Supplied records:
□ □ □
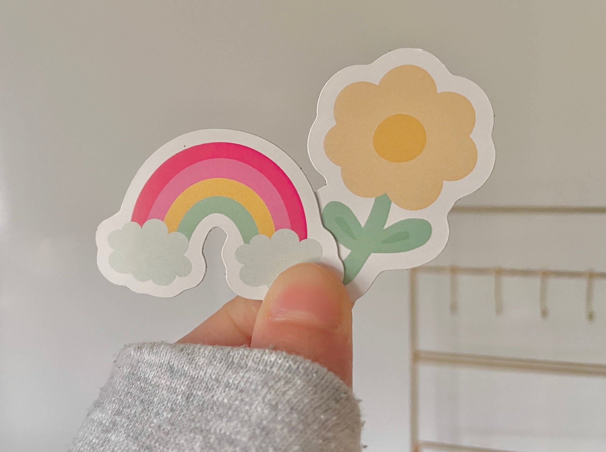 2 magnets are included in each set, a super cute little daisy flower and a pastel rainbow!
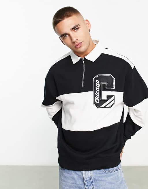 ASOS DESIGN oversized stripe rugby polo with varsity badge in black and white Very well made.
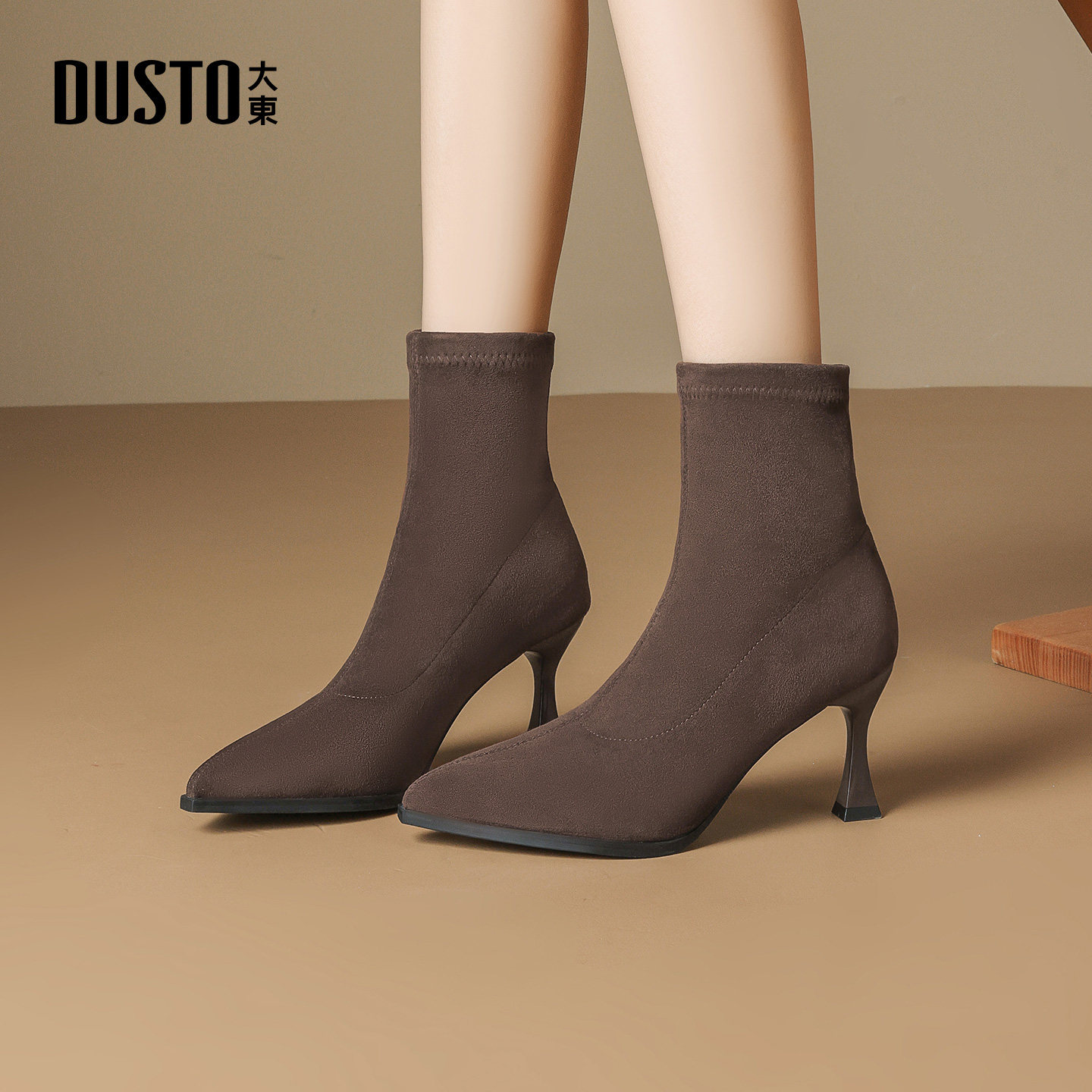 大东官方正品尖头高跟短靴袜靴
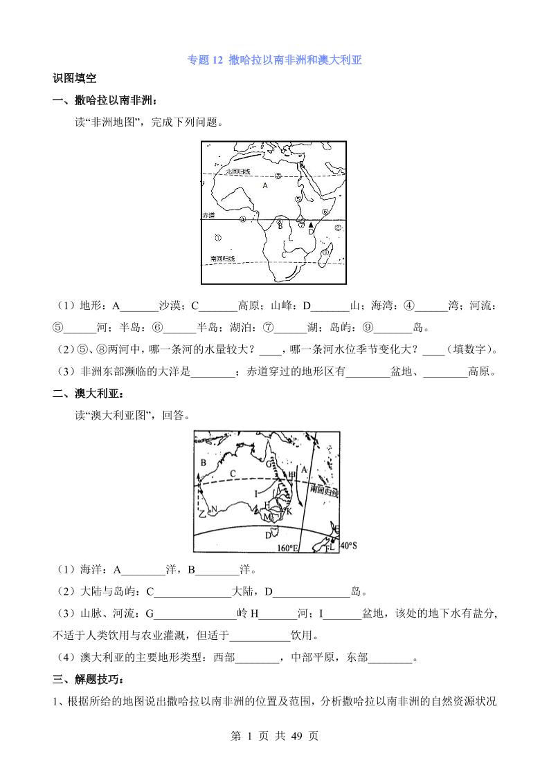 专题12 撒哈拉以南非洲和澳大利亚
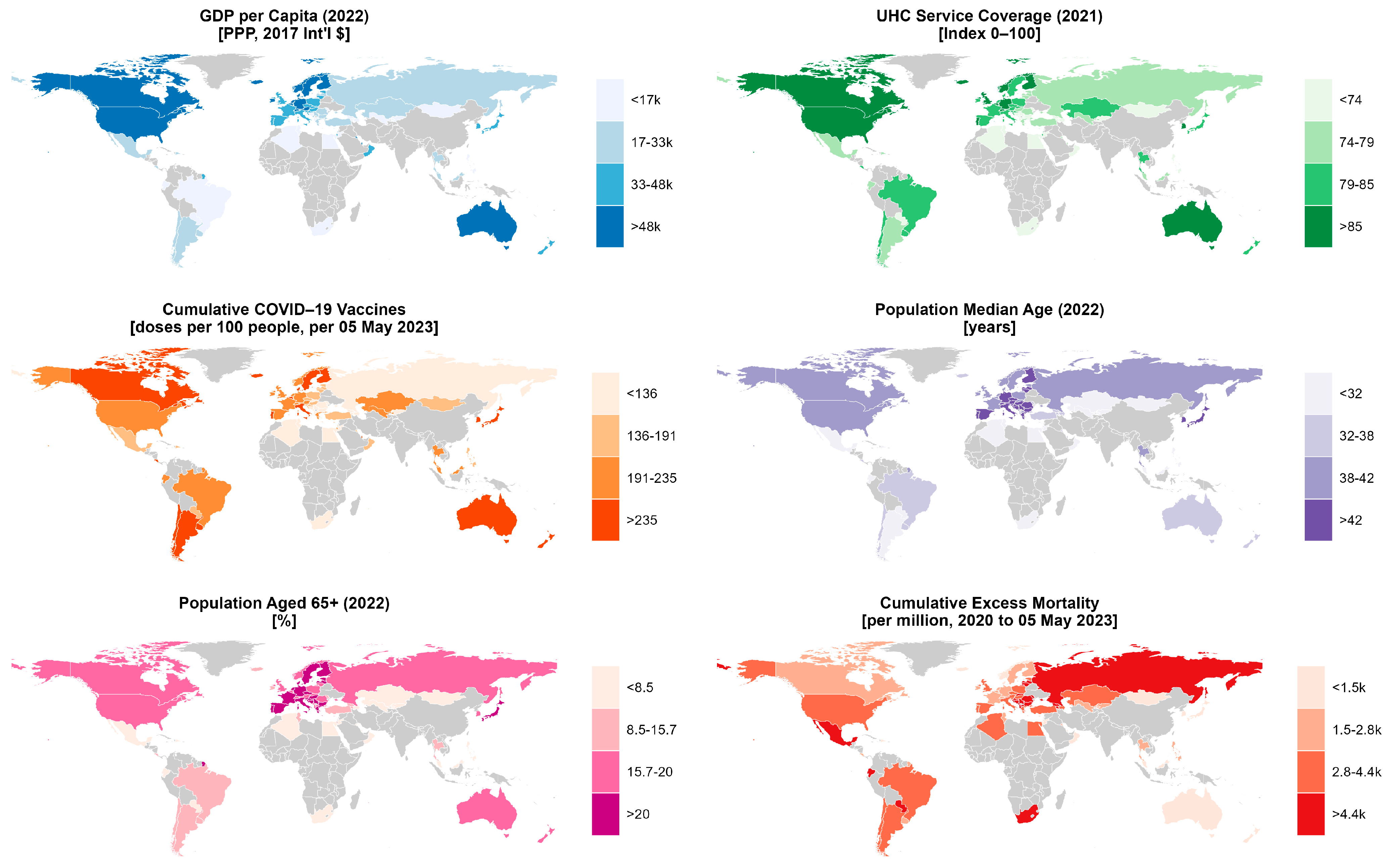34]. Accordingly, we used the cumulative excess mortality per million between 1 January 2020 and 5 May 2023 (end of the PHEIC) to represent COVID-19 mortality. This data was obtained from WHO.
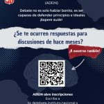 Con mucha alegría, les informamos que el proceso de inscripción para academias, talleres y ramas deportivas del Instituto Nacional, se estará desarrollando durante esta semana y la próxima (del 6 al 17 de abril).
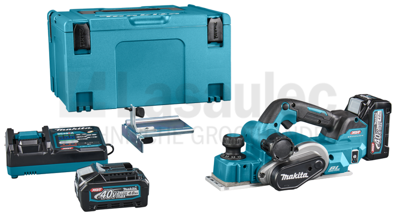 M-box met 2 accu's 40V - 4 Ah, een snellader XGT DC40RA, Schaafbeitel afstelmal 82mm, Parallelgeleider, Dopsleutel schaaf 9mm, HM schaafbeitels 82mm en een Dieptegeleider. KP001GM201
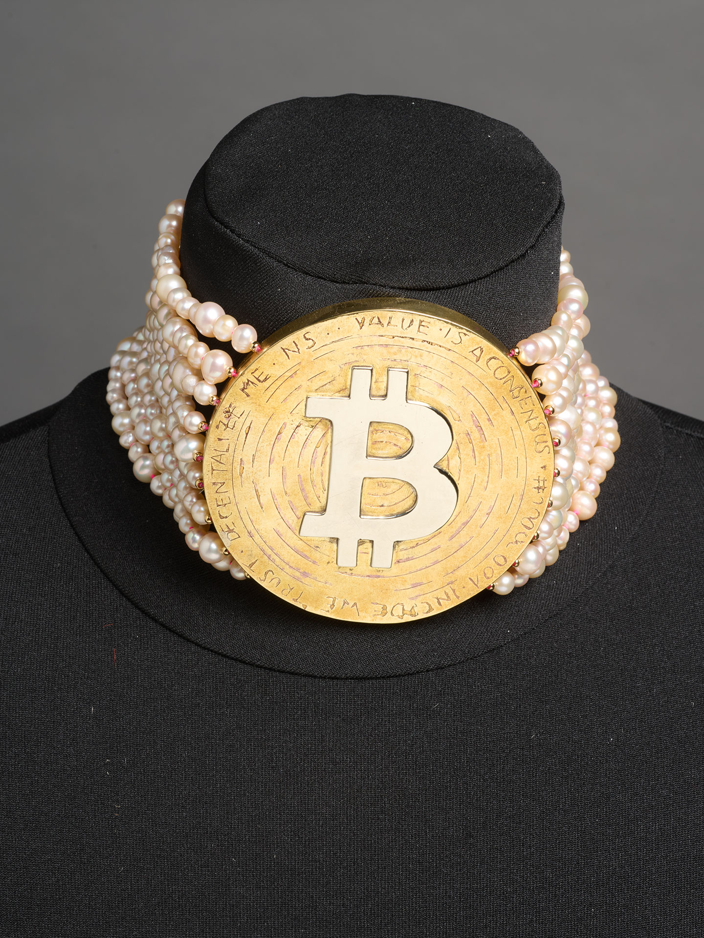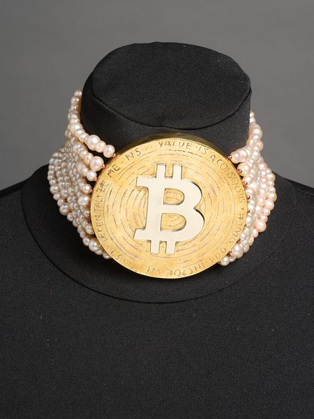 An oversized Bitcoin coin replaces the centrepiece of a classically inspired pearl necklace. The pearls represent the masses – anonymous, equal and decentralised. Bitcoin as a new currency symbolises the shift of power from the state to the networked community. But the necklace fits tightly around the neck, making it a burden to wear. The piece is a reflection on control and value and poses a critical question: does digital power liberate us – or does it just constrain us in a different way?
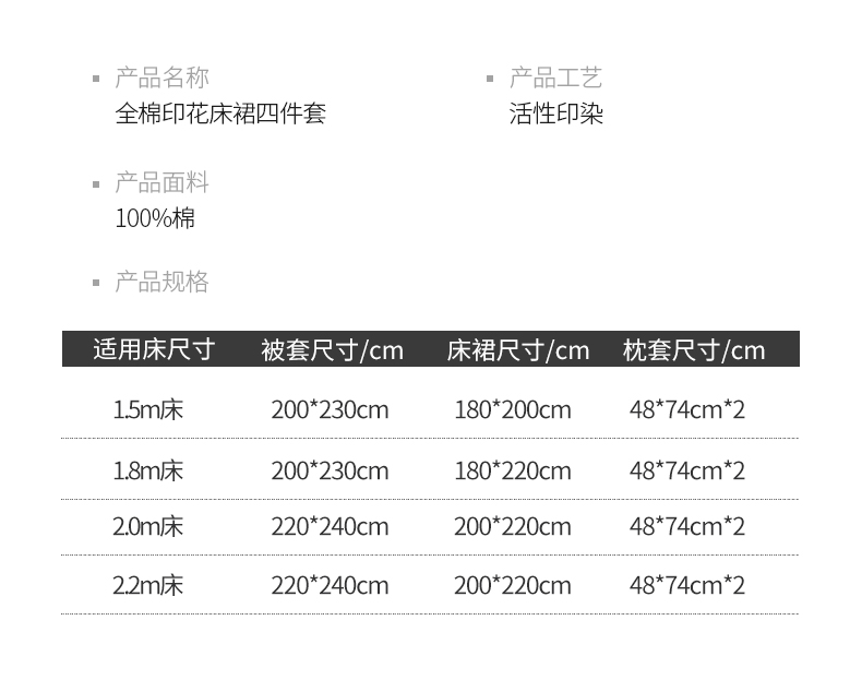 2*2.2m床裙四件套(床裙200*220 被套200*230+枕套一对) | ¥255.00 |
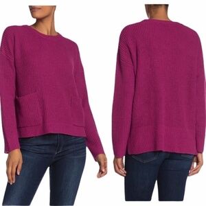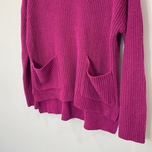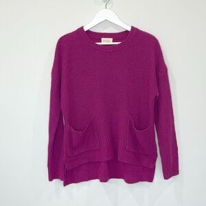 MELLODAY Two Pocket Knit Sweater Women's Berry Purple Crew Neck
□ □ □
Instructions for the task:
Write out all of the data above exactly, without any of its pictures.

Your response:
 2 magnets are included in each set, a super cute little daisy flower and a pastel rainbow!
 ASOS DESIGN oversized stripe rugby polo with varsity badge in black and white Very well made.
 大东官方正品尖头高跟短靴袜靴
 专题12 撒哈拉以南非洲和澳大利亚
34]. Accordingly, we used the cumulative excess mortality per million between 1 January 2020 and 5 May 2023 (end of the PHEIC) to represent COVID-19 mortality. This data was obtained from WHO.
 Con mucha alegría, les informamos que el proceso de inscripción para academias, talleres y ramas deportivas del Instituto Nacional, se estará desarrollando durante esta semana y la próxima (del 6 al 17 de abril).
 M-box met 2 accu's 40V - 4 Ah, een snellader XGT DC40RA, Schaafbeitel afstelmal 82mm, Parallelgeleider, Dopsleutel schaaf 9mm, HM schaafbeitels 82mm en een Dieptegeleider. KP001GM201
 An oversized Bitcoin coin replaces the centrepiece of a classically inspired pearl necklace. The pearls represent the masses – anonymous, equal and decentralised. Bitcoin as a new currency symbolises the shift of power from the state to the networked community. But the necklace fits tightly around the neck, making it a burden to wear. The piece is a reflection on control and value and poses a critical question: does digital power liberate us – or does it just constrain us in a different way?
 2*2.2m床裙四件套(床裙200*220 被套200*230+枕套一对) | ¥255.00 |
 MELLODAY Two Pocket Knit Sweater Women's Berry Purple Crew Neck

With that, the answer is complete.